PPC-GPT: Federated Task-Specific Compression of Large Language Models via Pruning and Chain-of-Thought Distillation
Tao Fan, Guoqiang Ma, Yuanfeng Song, Lixin Fan, Qiang Yang

TL;DR
PPC-GPT introduces a federated framework that combines privacy-preserving data perturbation, synthetic data generation, and task-specific model compression to efficiently create small, domain-specific language models without compromising privacy.
Contribution
It presents a novel unified approach integrating differential privacy, synthetic data, and pruning for federated LLM compression, addressing privacy and resource constraints simultaneously.
Findings
Achieves performance comparable to full LLMs on various tasks.
Ensures robust privacy protection through federated architecture.
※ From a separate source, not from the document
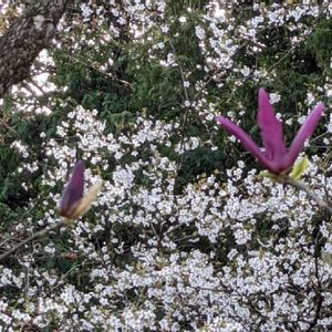 富士桜と咲き始めた紫木蓮、 両方右奥の小屋に似合うように植えてあります。紫木蓮は欲しかった昔ながらのものより少し赤っぽいものになってしまいました。ピンクと白のコブシを食べ尽くしてしまったヒヨドリに気付かれないように祈っています。🙏

Effectively compresses models while maintaining task-specific accuracy.
Abstract
Compressing Large Language Models (LLMs) into task-specific Small Language Models (SLMs) encounters two significant challenges: safeguarding domain-specific knowledge privacy and managing limited resources. To tackle these challenges, we propose PPC-GPT, a novel unified framework that systematically addresses both privacy preservation and model compression in federated settings. PPC-GPT works on a server-client federated architecture, where the client sends differentially private (DP) perturbed task-specific data to the server's LLM. The LLM then generates synthetic data along with their corresponding rationales. This synthetic data is subsequently used for both LLM pruning and retraining processes. Our framework's key innovation lies in its holistic integration of privacy-preserving mechanisms, synthetic data generation, and task-specific compression techniques, creating unique…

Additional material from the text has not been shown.